Problem to work on: Produce a word-for-word copy of the line that contains "陳少陽抵達巴西不到一個月,就" and each line after it through the end of the material, omitting pictures and all other lines.

--- Given information Enclosed Below ---

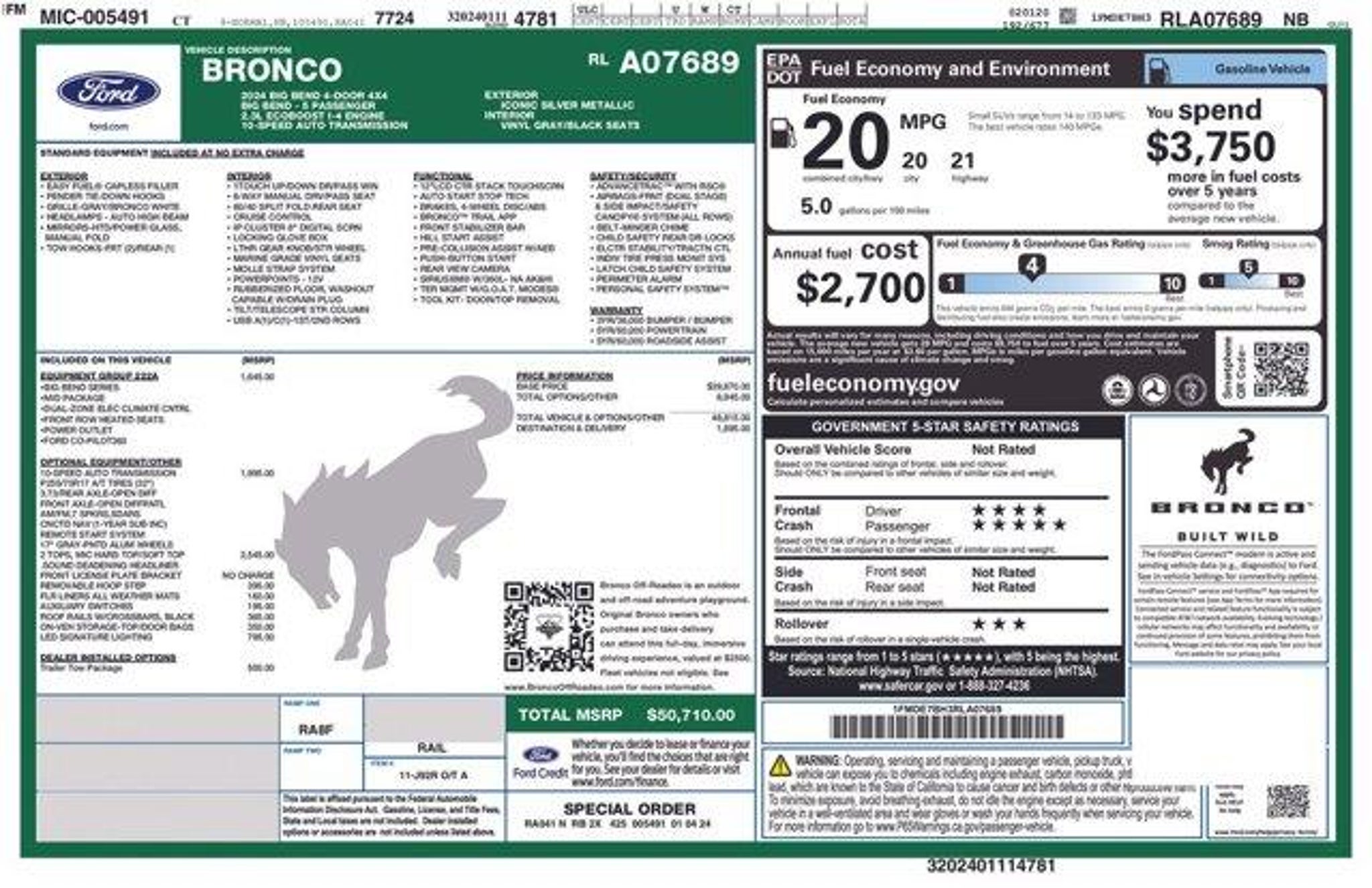 New Price! Come see the difference at Columbia! LOCAL TRADE, NON SMOKER, CLEAN CARFAX, NEW TIRES, EMPLOYEE OWNED. Certified.Iconic Silver Metallic 2024 Ford Bronco Big Bend4WD 10-Speed Automatic 2.3L EcoBoost I-4Ford Gold Certified Details: * 172 Point Inspection * Transferable Warranty * Warranty Deductible: $100 * Roadside Assistance * Vehicle History * Powertrain Limited Warranty: 84 Month/100,000 Mile (whichever comes first) from original in-service date * and 22,000 FordPass Rewards Points to use toward first two maintenance visits * Limited Warranty: 12 Month/12,000 Mile (whichever comes first) after new car warranty expires or from certified purchase dateCall us today to set up a VIP appointment 860-228-2886.
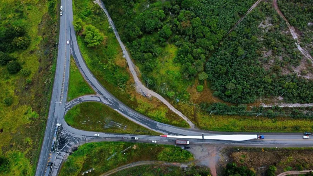 陳少陽抵達巴西不到一個月,就迅速投入工作,和巴方同事一起開始了港口到項目現(xiàn)場的風(fēng)機設(shè)備押運旅途。500多個車次的大件設(shè)備,光是風(fēng)葉就有120支,這是整個南美最長的風(fēng)葉,每支葉片長達76.3米,立起來相當(dāng)于25層樓那么高,是目前南美洲最長的葉片。這些“大家伙”來自中國,歷經(jīng)39天海上漂泊來到巴西Enseada港口,然后還要長途跋涉981公里的崎嶇路程,才能抵達山間的TN項目現(xiàn)場“安家”。
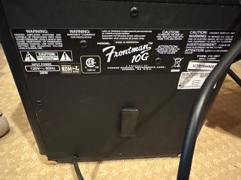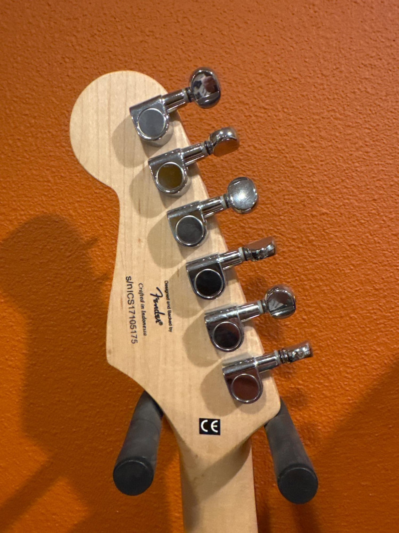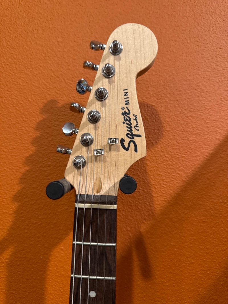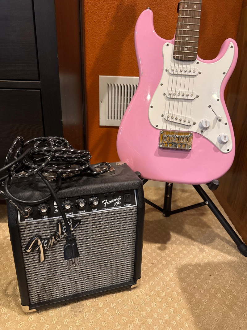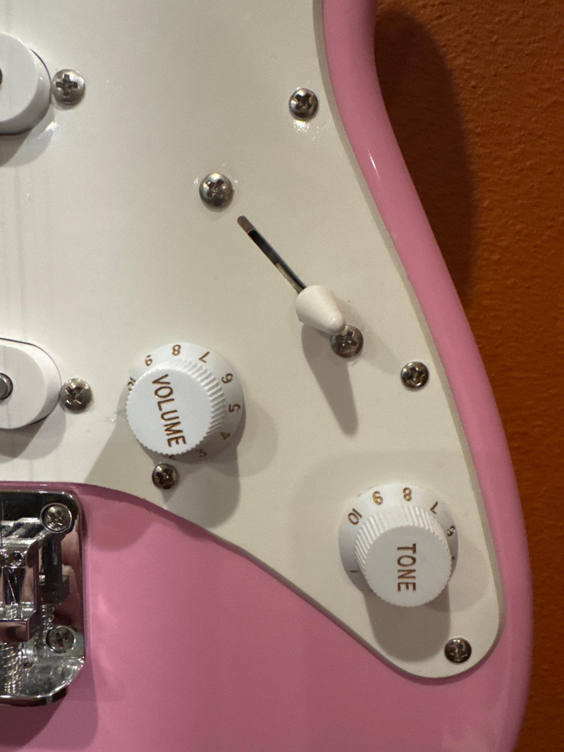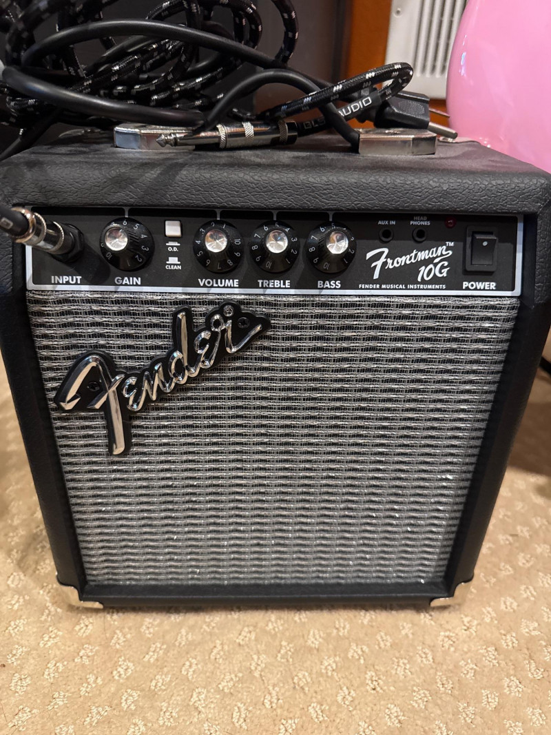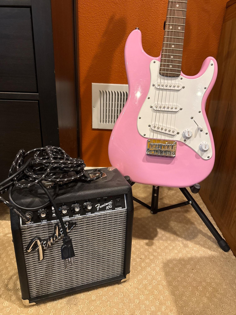 STAND NOT INCLUDED IN THE AUCTION Key Specifications Scale Length: It has a 22.75" scale length, which is the defining characteristic of its 3/4 size, making it ideal for beginners, younger players (ages 6 to 12), or those with smaller hands. Hand Orientation: It is a right-handed model Color: The pink finish is known as Shell Pink. Body & Neck: It features a lightweight poplar body and a comfortable "C"-shaped maple neck with an Indian laurel or maple fingerboard. Electronics: The guitar is equipped with three standard single-coil pickups and a 5-way selector switch, offering versatile Stratocaster tones. Also included is a Fender Frontman 10G solid-state electric guitar amplifier, a popular 10-watt practice amp known for its classic Fender blackface design and value price.

--- End of Enclosed Given information ---

Answer to this problem:
 陳少陽抵達巴西不到一個月,就迅速投入工作,和巴方同事一起開始了港口到項目現(xiàn)場的風(fēng)機設(shè)備押運旅途。500多個車次的大件設(shè)備,光是風(fēng)葉就有120支,這是整個南美最長的風(fēng)葉,每支葉片長達76.3米,立起來相當(dāng)于25層樓那么高,是目前南美洲最長的葉片。這些“大家伙”來自中國,歷經(jīng)39天海上漂泊來到巴西Enseada港口,然后還要長途跋涉981公里的崎嶇路程,才能抵達山間的TN項目現(xiàn)場“安家”。
 STAND NOT INCLUDED IN THE AUCTION Key Specifications Scale Length: It has a 22.75" scale length, which is the defining characteristic of its 3/4 size, making it ideal for beginners, younger players (ages 6 to 12), or those with smaller hands. Hand Orientation: It is a right-handed model Color: The pink finish is known as Shell Pink. Body & Neck: It features a lightweight poplar body and a comfortable "C"-shaped maple neck with an Indian laurel or maple fingerboard. Electronics: The guitar is equipped with three standard single-coil pickups and a 5-way selector switch, offering versatile Stratocaster tones. Also included is a Fender Frontman 10G solid-state electric guitar amplifier, a popular 10-watt practice amp known for its classic Fender blackface design and value price.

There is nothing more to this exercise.